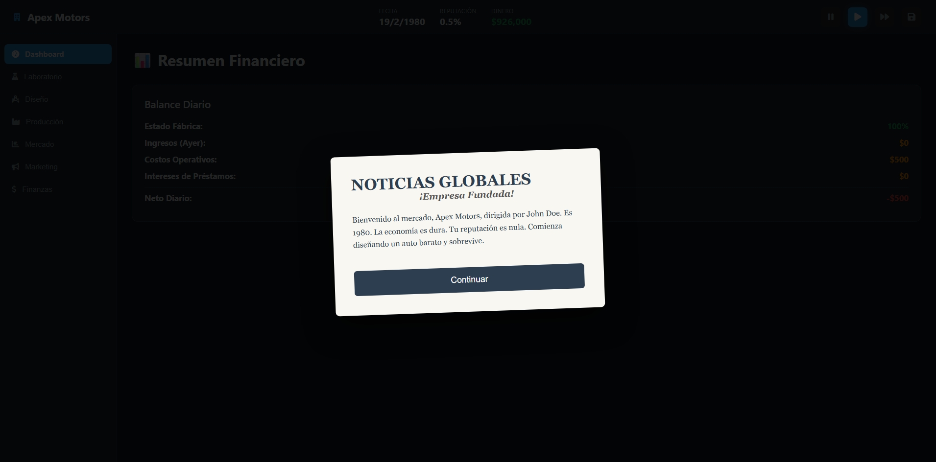 ManufactureTycoon: R&D & Real Market Edition is a challenging automotive simulation where success hinges on smart vehicle design, cutting-edge research, and strategic marketing in a volatile global market. Design your models for maximum appeal, knowing that each one has a critical lifecycle of 6 to 12 months; upon release, a crucial press review—the "Newspaper Note"—will determine your sales trajectory based on how well your vehicle's quality, installed technology, and price align with current market trends. Invest heavily in R&D and targeted campaigns to build brand hype and ensure your car models transition from design concept to market legend before their inevitable sales decline This is my first proyect
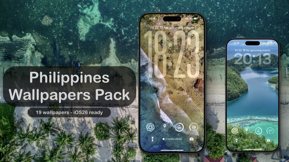This pack features 19 aerial and scenic wallpapers from the Philippines, capturing turquoise waters, tropical cliffs, white sand beaches, and surfers at sunset. Each wallpaper is designed to shine with iOS 26’s new LiquidGlass UI.
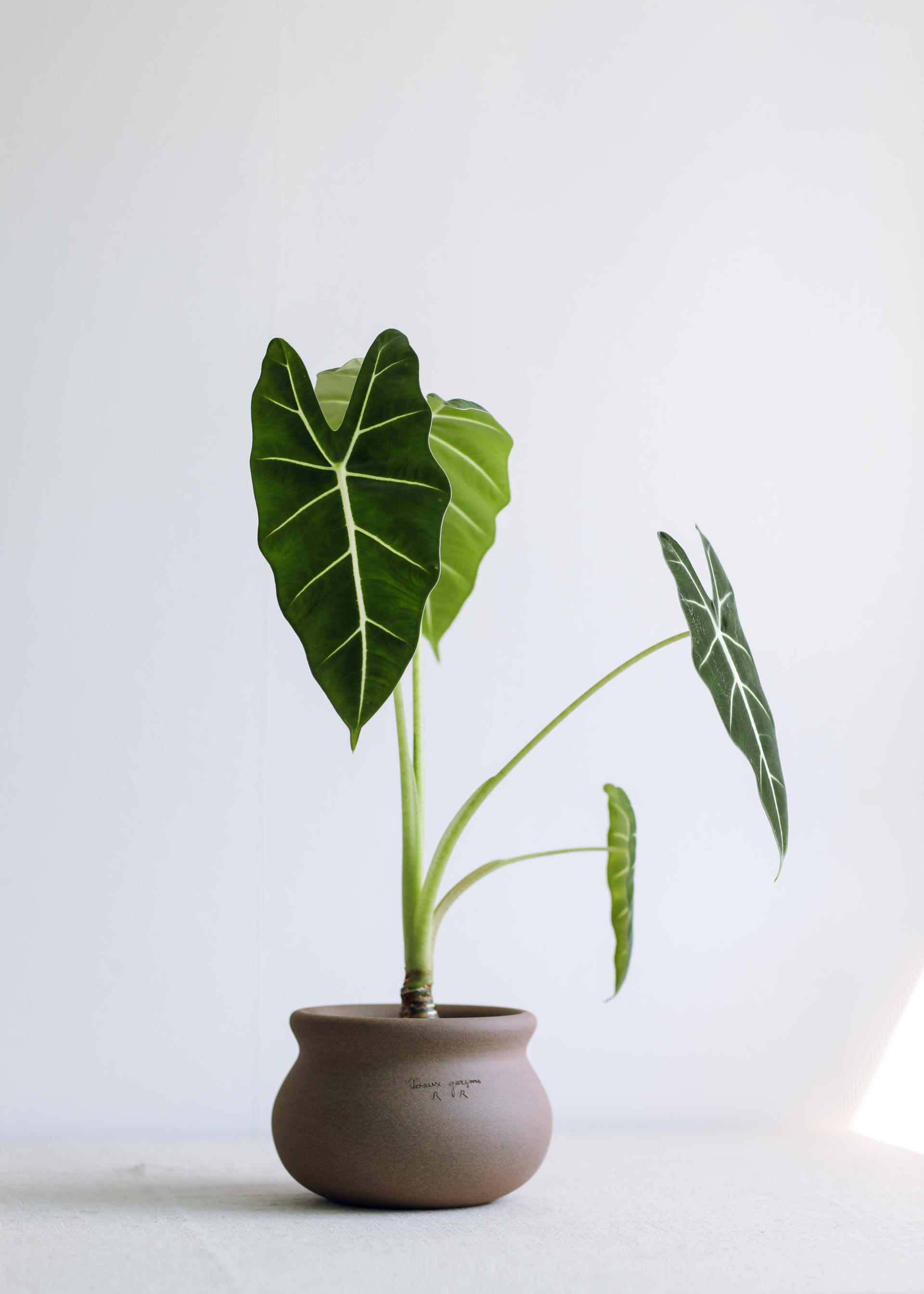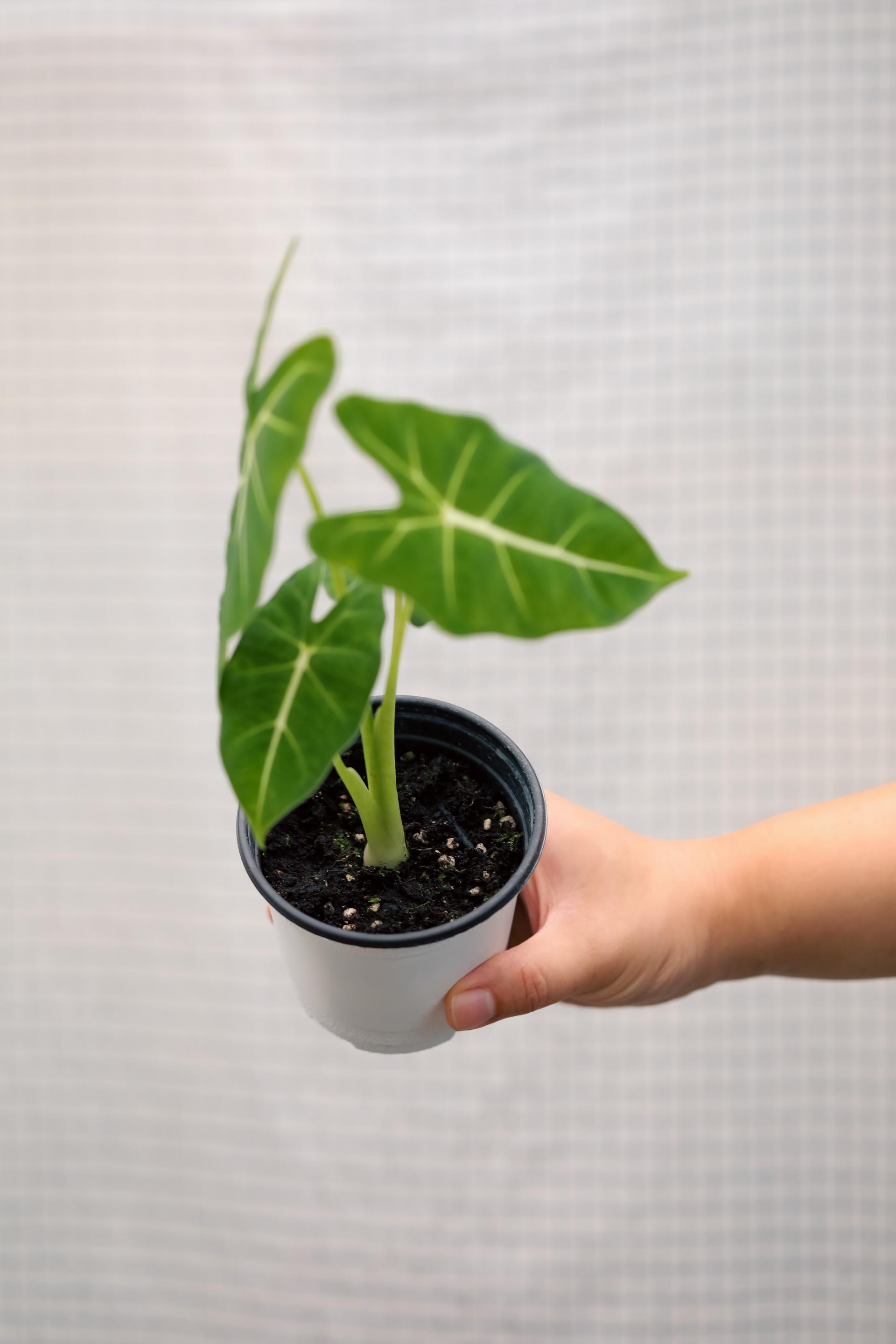 알로카시아 프라이덱은 벨벳 질감의 암녹색 잎과 하얀 잎맥이 대조되어 멋진 식물이에요.
________
* WHAT TO WORK ON *
Would you set down each line of the data exactly, with no images included?

* RESULT OF THE EXERCISE *
 ManufactureTycoon: R&D & Real Market Edition is a challenging automotive simulation where success hinges on smart vehicle design, cutting-edge research, and strategic marketing in a volatile global market. Design your models for maximum appeal, knowing that each one has a critical lifecycle of 6 to 12 months; upon release, a crucial press review—the "Newspaper Note"—will determine your sales trajectory based on how well your vehicle's quality, installed technology, and price align with current market trends. Invest heavily in R&D and targeted campaigns to build brand hype and ensure your car models transition from design concept to market legend before their inevitable sales decline This is my first proyect
This pack features 19 aerial and scenic wallpapers from the Philippines, capturing turquoise waters, tropical cliffs, white sand beaches, and surfers at sunset. Each wallpaper is designed to shine with iOS 26’s new LiquidGlass UI.
 알로카시아 프라이덱은 벨벳 질감의 암녹색 잎과 하얀 잎맥이 대조되어 멋진 식물이에요.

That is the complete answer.